Not that this solves the problem—I’ve countered the real dangerous things I notice instantly, but 5 mins to think of it and I’ll notice 20 more—but I though someone should actually try to answer the question in spirit and letter and most charitable interpretation.
also, it’d make a nice movie.
I don’t see why the ‘oracle’ has to work from some real world goal in the first place. The oracle may have as it’s terminal goal the output of the relevant information on the screen with the level of clutter compatible with human visual cortex, and that’s it. Up to you to ask it to represent it in particular way.
Or not even that; the terminal goal of the mathematical system is to make some variables represent such output; an implementation of such system has those variables be computed and copied to the screen as pixels. The resulting system does not even self preserve; the abstract computation making abstract variables have certain abstract values is attained in the relevant sense even if the implementation is physically destroyed. (this is how software currently works)

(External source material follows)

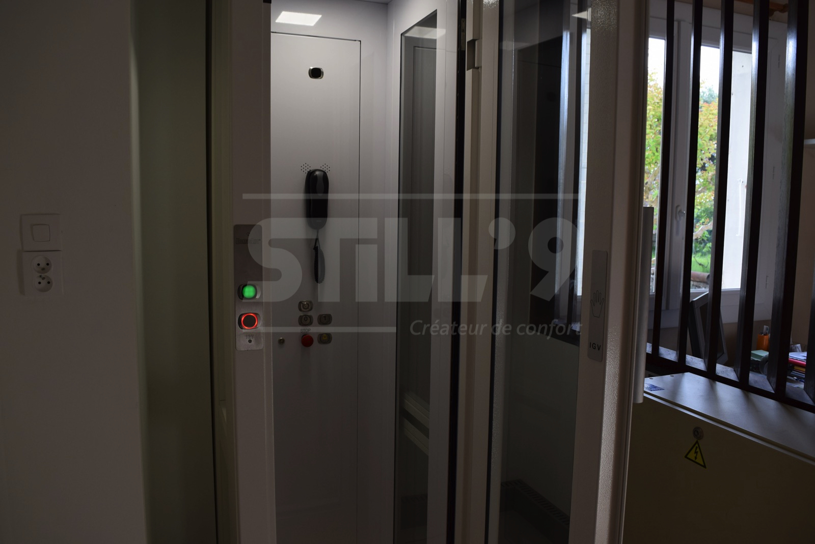 Cet ascenseur privé dont la structure est entièrement en acier, dessert les deux niveaux de l'habitation et sa charge est de 250 kg. Il est composé de portes battantes laquées Ral 9010 blanc pur (gaufré). Les dimensions intérieures de cabine sont de 480 x 550 x 2000 mm (larg x prof x H). Ce petit ascenseur est équipé d'une boite à boutons plate en inox satiné, d'un téléphone et d'un avertissement de surcharge. Il dispose également de barrières électroniques.

The screen is a part of the real world.
Well, in the software you simply don’t implement the correspondence between mathematical abstractions that you rely on to build software (the equations, real valued numbers) and implementation (electrons in the memory, pixels on display, etc). There’s no point in that. If you do you encounter other issues, like wireheading.

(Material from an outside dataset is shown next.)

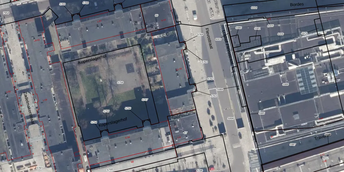 Het adres ligt op het perceel AMR04-K-5787, dat zich in de kadastrale gemeente Almere bevindt. Het perceel is met 1,3 ha relatief groot. Het gemiddelde ligt in de kadastrale gemeente Almere op 3328,15 m². Het grootste perceel in de kadastrale gemeente is 32,12 km². Het kleinste perceel heeft een oppervlakte van 0 m². Op het perceel zijn 317 adressen aanwezig. De laatste wijziging in het de Basisregistratie Kadaster (BRK) was op 16-04-2003.

How do you report the path the car should take? On the map. How do you report better transistor design? In the blueprint. How do we report software design? With UML diagram. (how do you report why that transistor works? Show simulator). It’s just the most irreparable clinical psychopaths whom generate all outputs via extensive (and computationally expensive) modelling of the cognition (and decision process) of the listener. edit: i.e. modelling as to attain an outcome favourable to them; failing to empathise with listener that is failing to treat the listener as instance of self, but instead treating listener as a difficult to control servomechanism.
Isn’t the relevant quality of a “clinical psychopath,” here, something like “explicitly models cognition of the listener, instead of using empathy,” where “empathy”==something like “has an implicit model of the cognition of the listener”?
Implicit model that is rather incomplete and not wired for exploitation. That’s how psychopaths are successful at exploiting other people and talking people into stuff even though they have substandard model when it comes to actual communication, and their model actually sucks and is inferior to normal.
The human friendliness works via non modelling decision processes of other people when communicating; we do that when we deceive, lie, and bullshit, while when we are honest we sort of share the thoughts. This idea of oracle here is outright disturbing. It is clear nothing good comes out of full model of the listener; firstly it wastes the computing time and secondarily it generates bullshit, so you get something inferior at solving technical problems, and more dangerous, at the same time.
Meanwhile, much of the highly complex information that we would want to obtain from oracle is hopelessly impossible to convey in English anyway—hardware designs, cures, etc.